> **What the task asks**
Write out again the lines from the line with "Hadassah Quest Mission" up to and including the line with "Figure 6: Linear", exactly as they stand below, and skip any picture.

> **Record excerpts**
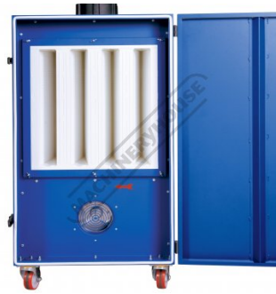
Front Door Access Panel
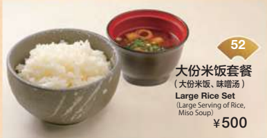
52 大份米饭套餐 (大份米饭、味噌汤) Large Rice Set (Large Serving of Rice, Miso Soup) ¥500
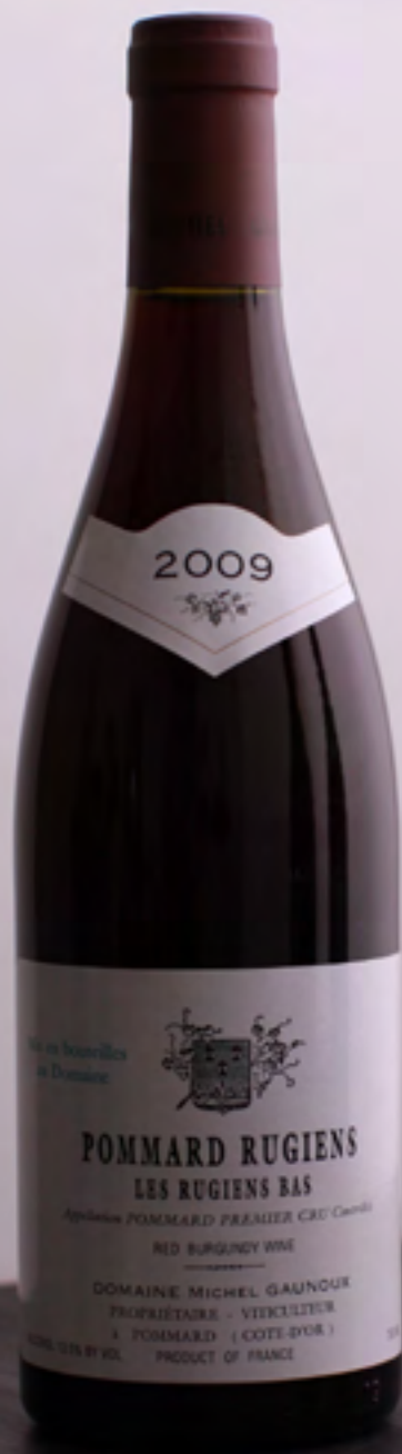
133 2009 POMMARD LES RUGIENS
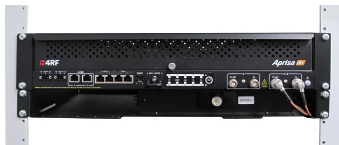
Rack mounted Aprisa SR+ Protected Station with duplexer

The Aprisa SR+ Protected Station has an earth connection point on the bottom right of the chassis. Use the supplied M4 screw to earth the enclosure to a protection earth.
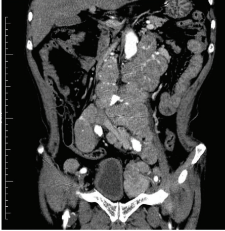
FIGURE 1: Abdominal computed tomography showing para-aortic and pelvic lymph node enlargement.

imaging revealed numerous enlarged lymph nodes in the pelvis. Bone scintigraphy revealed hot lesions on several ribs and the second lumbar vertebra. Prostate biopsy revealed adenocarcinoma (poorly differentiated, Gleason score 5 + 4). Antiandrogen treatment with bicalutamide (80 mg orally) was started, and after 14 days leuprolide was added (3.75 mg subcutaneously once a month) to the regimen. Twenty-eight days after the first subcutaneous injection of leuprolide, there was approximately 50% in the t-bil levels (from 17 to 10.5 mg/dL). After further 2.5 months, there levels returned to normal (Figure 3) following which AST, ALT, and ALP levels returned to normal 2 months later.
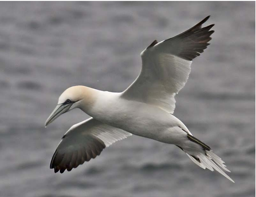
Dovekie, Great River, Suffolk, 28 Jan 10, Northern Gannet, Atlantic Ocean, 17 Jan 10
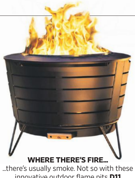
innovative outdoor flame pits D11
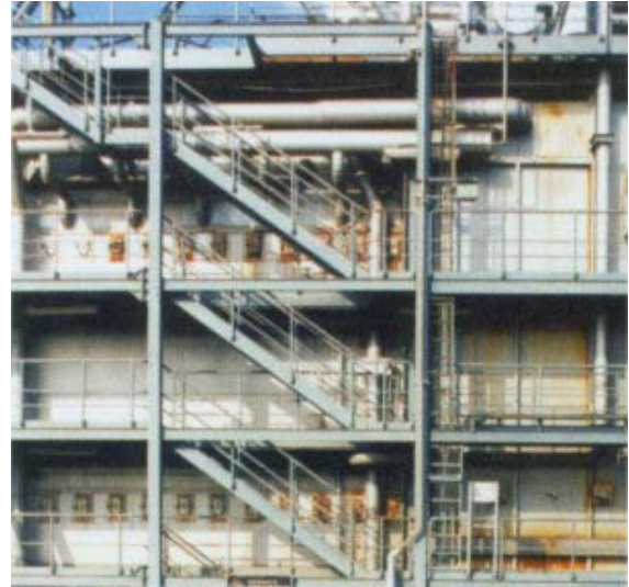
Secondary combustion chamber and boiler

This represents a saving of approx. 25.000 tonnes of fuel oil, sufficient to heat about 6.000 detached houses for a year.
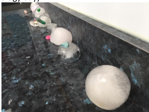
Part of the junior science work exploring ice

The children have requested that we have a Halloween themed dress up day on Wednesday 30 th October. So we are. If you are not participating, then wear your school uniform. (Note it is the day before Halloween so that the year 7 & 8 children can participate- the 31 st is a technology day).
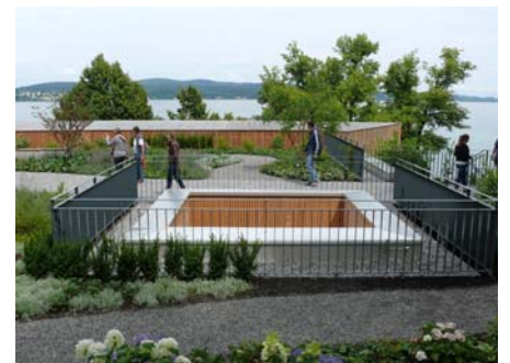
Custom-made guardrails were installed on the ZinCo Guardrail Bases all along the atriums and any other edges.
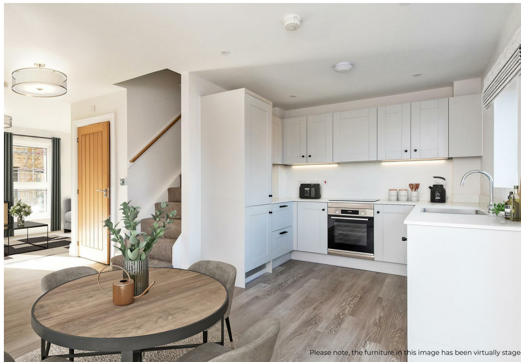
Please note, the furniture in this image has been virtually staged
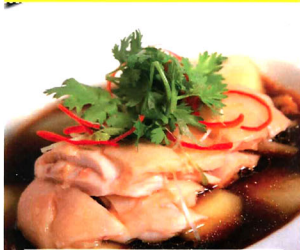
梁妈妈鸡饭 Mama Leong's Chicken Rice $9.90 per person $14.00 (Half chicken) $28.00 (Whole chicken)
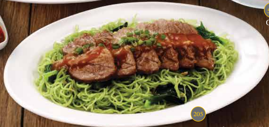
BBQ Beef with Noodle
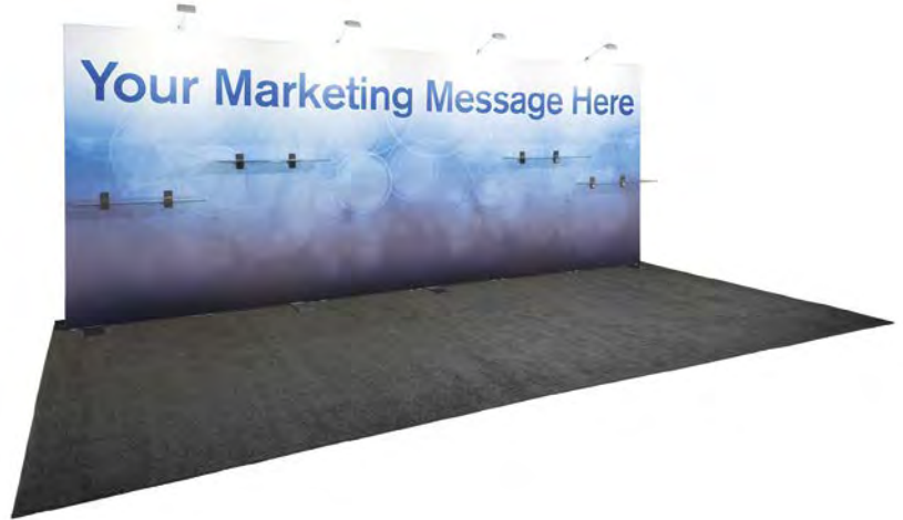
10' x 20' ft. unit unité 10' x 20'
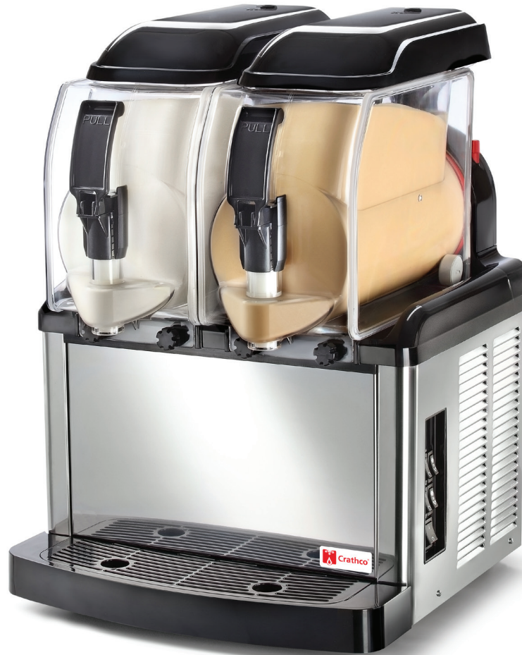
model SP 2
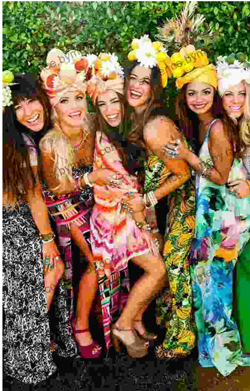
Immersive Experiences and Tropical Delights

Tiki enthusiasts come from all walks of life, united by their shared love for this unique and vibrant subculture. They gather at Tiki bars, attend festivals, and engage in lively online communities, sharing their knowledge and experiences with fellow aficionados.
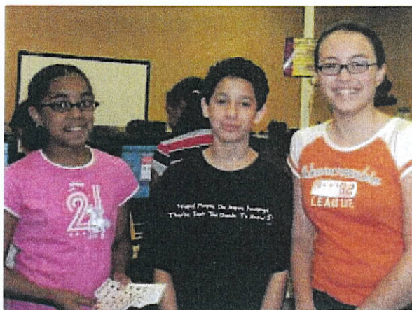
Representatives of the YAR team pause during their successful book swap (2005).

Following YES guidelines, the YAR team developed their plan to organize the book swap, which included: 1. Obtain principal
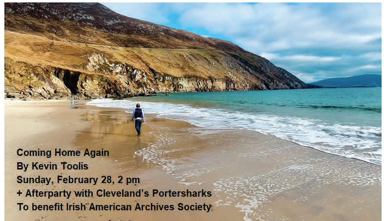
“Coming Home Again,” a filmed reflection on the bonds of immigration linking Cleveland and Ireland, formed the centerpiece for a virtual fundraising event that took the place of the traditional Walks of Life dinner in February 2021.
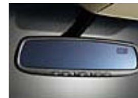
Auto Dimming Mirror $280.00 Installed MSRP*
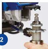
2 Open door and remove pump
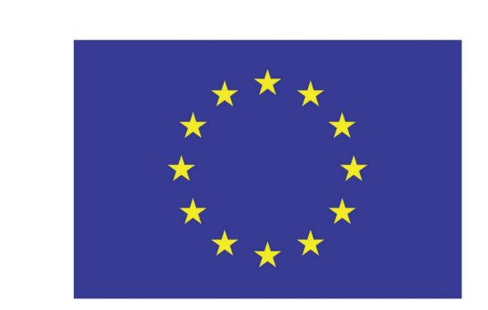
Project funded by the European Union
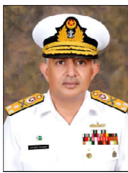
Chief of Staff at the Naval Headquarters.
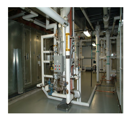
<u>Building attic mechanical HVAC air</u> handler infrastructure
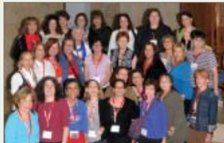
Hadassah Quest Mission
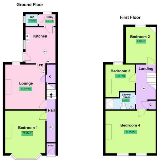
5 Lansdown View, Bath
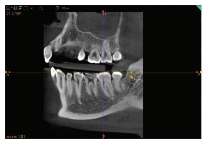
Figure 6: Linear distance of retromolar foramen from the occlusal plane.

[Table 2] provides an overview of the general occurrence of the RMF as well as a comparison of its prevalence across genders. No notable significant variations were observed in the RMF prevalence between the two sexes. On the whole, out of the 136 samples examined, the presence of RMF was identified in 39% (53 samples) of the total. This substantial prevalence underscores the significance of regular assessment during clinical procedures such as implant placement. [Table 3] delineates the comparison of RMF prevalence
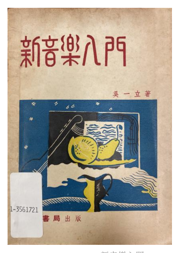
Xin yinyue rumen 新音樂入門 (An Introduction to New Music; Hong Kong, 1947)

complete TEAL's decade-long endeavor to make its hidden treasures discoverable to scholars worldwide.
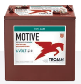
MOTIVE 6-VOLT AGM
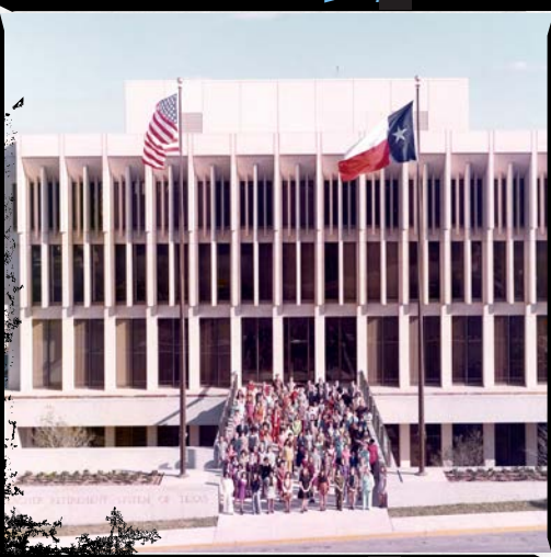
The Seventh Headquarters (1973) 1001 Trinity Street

> **Exercise answer**
Hadassah Quest Mission
5 Lansdown View, Bath
Figure 6: Linear distance of retromolar foramen from the occlusal plane.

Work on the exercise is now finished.